Talking Diversity and the SEC

Diversity is a huge issue in constructing boards of directors, and never is it so focused as for reporting companies.

Extant SEC disclosure rules contained in Regulation S-K already required disclosure of diversity information, to the extent consent from a director or director candidate agrees, including race, gender, ethnicity, religion, nationality, disability, sexual orientation or cultural background.  New guidance requires a statement as to HOW these characteristics were considered by the nominating committee or board.

Extant SEC disclosure also required a description of the process of nomination, whether it considers diversity and how.  New guidance requires an explanation of how it blended in consideration of other factors within scope of its diversity policy, including work history, military service or socio-economic characteristics.

Boards do discuss these issues, of course; one is compelled to if there is any sort of diversity program.  It is not clear to me what this new granularity has to add beyond eliciting an obvious response.  Perhaps the goal is to dig for detail to eliminate a suspected practice in some cases of tokenism?  Will we see disclosure other than a formulaic kind of recitation (“we aim for a board that is diverse, we needed a cyber expert, and  X turned out to be a widely recognized cyber expert and X also turned out to be a [pick a diverse category]!”).  Sharing the goals of diversity and preaching it in my own practice need not require government guidance on the obvious, and no board is going to say that they failed to look at all attributes of a director candidate.  Much SEC disclosure in response to ever-refined disclosure regimes results in a longer document but no increase in true qualitative data.

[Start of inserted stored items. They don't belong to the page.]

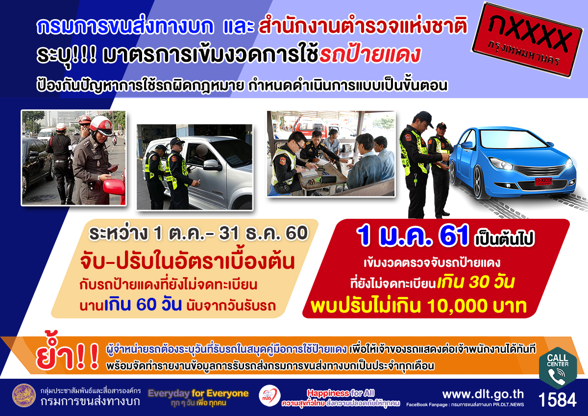 วัน นับจากวันรับรถปรับทันที 1,000 บาท และเข้มขึ้นตั้งแต่ 1 มกราคม 2561 รถป้ายแดงต้องจดทะเบียนภายใน 30 วัน หากเกินปรับตามดุลพินิจไม่เกิน 10,000 บาท
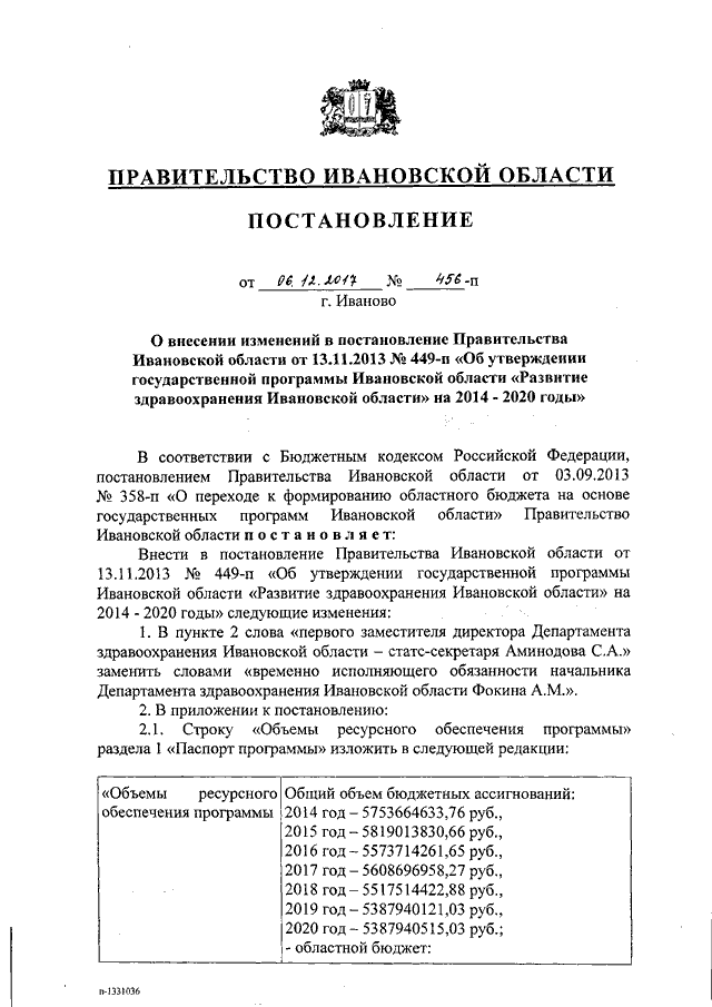 Постановление Правительства Ивановской области от 06.12.2017 N 456-п "О внесении изменений в постановление Правительства Ивановской области от 13.11.2013 N 449-п "Об утверждении государственной программы Ивановской области "Развитие здравоохранения Ивановской области" на 2014 - 2020 годы" (вместе с "Подпрограммой "Организация обязательного медицинского страхования на территории Ивановской области")
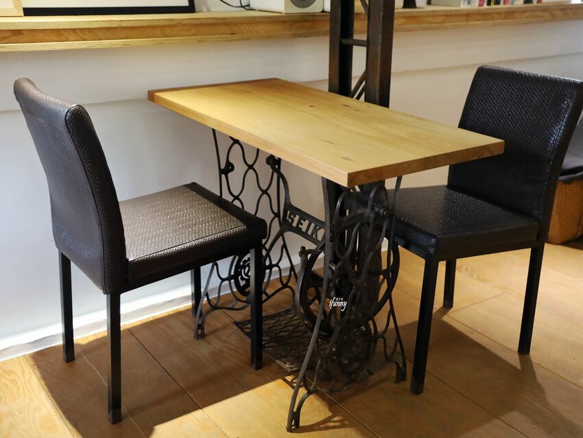 以裁縫車改造的座位區,別有風味。
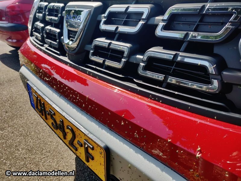 Tot aan Harderwijk hebben we dezelfde weg teruggenomen om dan via Ermelo,Putten, Voorthuizen, Barneveld, Lunteren naar Ede af te zakken. Vanaf Ede via de N224 weer naar Arnhem om ons weer te melden bij de Bochane vestiging om de TCe 130 weer in te leveren. Hij was niet meer zo schoon als bij het begin van de dag; Insecten hebben zich in grote getale vastgeplakt aan de voorzijde. en één nadeel van de prachtige rode lak heb ik wel gevonden: Bij het foto's maken van de auto bij het kunstwerk waren de zwermen met vliegjes ook dol op deze kleur.
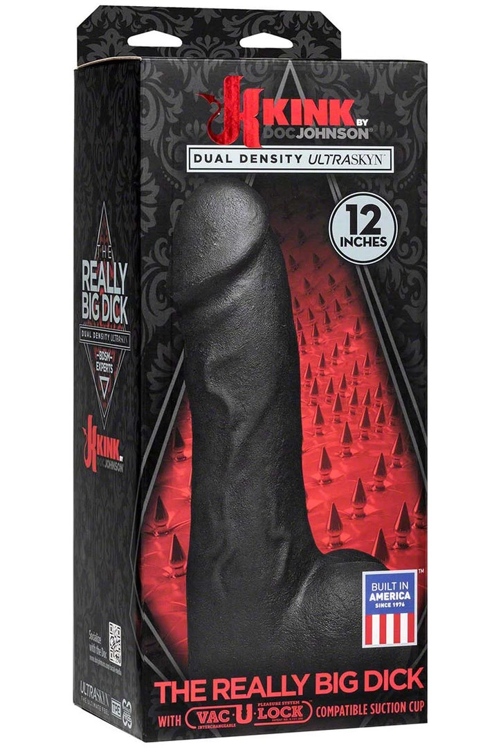 The 12″ Big Black Dildo. Play with it. Pound with it. Worship it. It’s the Perfect Cock. From lifelike dual density ULTRASKYNâ„¢ to the beautifully molded veins and contours, every pleasurable product feature that we’ve perfected converges in Kink by Doc Johnson’s Perfect Cocks. The soft pliable exterior warms to the touch and yields to a firm inner core as it slides in and teases every hole. Squeezable balls provide a firm grip and safe base for use by hand, and the 10.5-inch Perfect Cock’s Vac-U-Lockâ„¢ compatibility makes it easy to stay satisfie– pop it on to the included suction cup, or your favorite Vac-U-Lockâ„¢ harness or accessory. Kink by Doc Johnson is an exciting collaboration with Kink.com to create a collection of high-quality authentic fetish items suitable for long-term practitioners and new initiates alike.
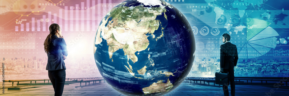地球とデジタルテクノロジー グローバルネットワーク バナー・広告向け横長ビジュアル
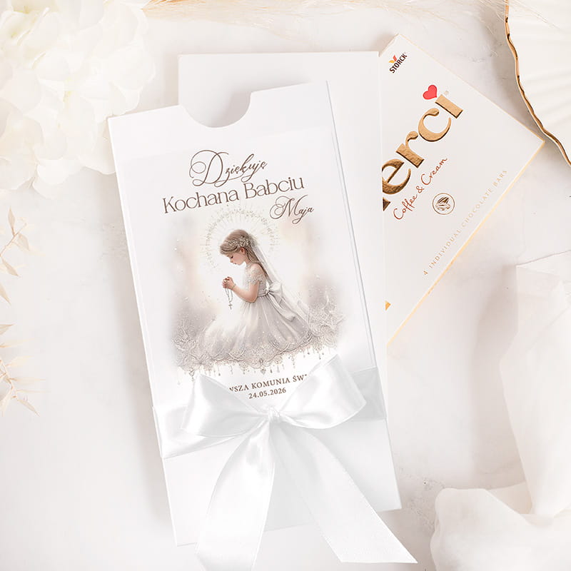 Merci podziękowanie komunijne dla dziadków od dziewczynki to wzruszający prezent w eleganckiej formie. Personalizowane opakowanie z grafiką dziewczynki i słodką zawartością zachwyca i pozostaje w pamięci.
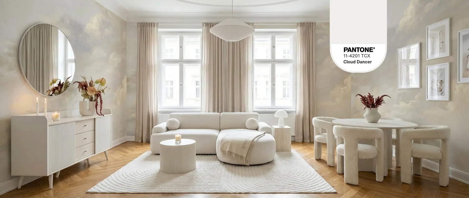 "Cloud Dancer ist mehr als nur ein Off-White – es ist ein zeitloser Ruhepol. Vielseitig, elegant und unglaublich wandelbar bringt die Pantone-Farbe 2026 Harmonie und stilvolle Modernität in jeden Wohnbereich. Eine perfekte Wahl für alle, die ein Zuhause mit Klarheit, Wärme und natürlicher Leichtigkeit gestalten möchten.
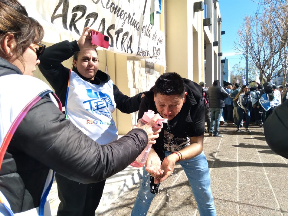 Como saldo del enfrentamiento exterior un docente fue trasladado al hospital Zatti ya que sufrió un desmayo con convulsiones, otros fueron visiblemente afectados por el uso de gas pimienta y se pudo observar varios vidrios rotos en la fachada de la calle San Martín.
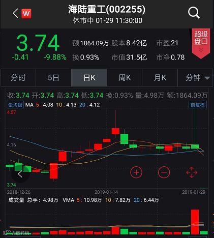 在今日跌停榜上,海陆重工具有一定代表性。28日,该股早盘迅速涨停,午间公司发布2018年度业绩预告修正公告称,2018年第三季度报告中预计归属于上市公司股东的净利润变动区间从盈利1.46亿元至1.94亿元修正为亏损1.47亿元至1.96亿元。随后该股打开涨停,收盘以平盘报收,今日早盘遭遇一字跌停。
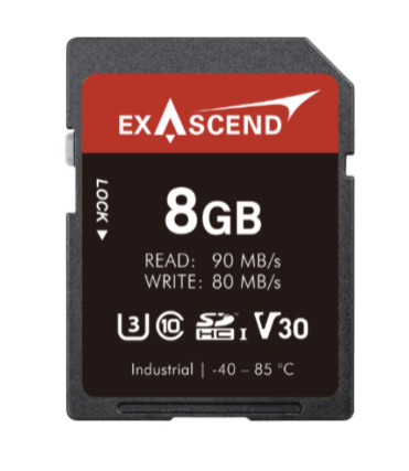Exascend Industrial SD300 V30 C10 SD 6.0 8 GB (číslo dielu EX8GSDV30-PIDE) je vysoko spoľahlivá pamäťová karta SDXC zo série SD300, optimalizovaná pre extrémne priemyselné, vstavané a bezpečnostné aplikácie, kde je nevyhnutný konzistentný výkon a integrita údajov. Je vyrobená s 3D TLC alebo pSLC NAND flash pamäťou riadenou pokročilým radičom prostredníctvom rozhrania SD 6.0 UHS-I a poskytuje sekvenčnú rýchlosť čítania až 90 MB/s a rýchlosť zápisu až 80 MB/s, pričom podporuje triedy výkonu V30 (trvalý zápis 30 MB/s), U3, C10 a A2 pre plynulé nahrávanie videa v rozlíšení 4K UHD, rýchle sériové fotografovanie a spúšťanie aplikácií bez výpadkov snímok alebo vyrovnávacej pamäte. Karta ponúka široký rozsah kapacít od 8 GB až po vyššie hustoty pre flexibilné nasadenie v strojovom videní, automobilových ECU alebo bránach IoT. Je navrhnutá pre náročné podmienky a funguje v rozmedzí teplôt od -40 °C do +85 °C (skladovanie od -50 °C do 95 °C) s nízkym napätím (2,7–3,6 V, <1,5 W aktívny výkon). S MTBF 2 000 000 hodín a vynikajúcou výdržou (TBW až 320 TB pre modely s kapacitou 8 GB) sa vyznačuje odolnosťou voči nárazom/vibráciám (1 500 G/20 G), ochranou proti ESD (8 kV) a vodotesnosťou (IPX7), čím eliminuje mechanické poruchy bežné u pevných diskov.

Today’s  Boston Business Journal carries an article about local company general counsel decrying lack of diversity in law firms while suffering lack of diversity on their own boards.  Aside from highlighting the intense topicality of board diversity, the article suggests an approach to disclosure: simple head count.  Should you care about process, or bottom line results.  As they say: “If you cannot measure it, you cannot achieve it.”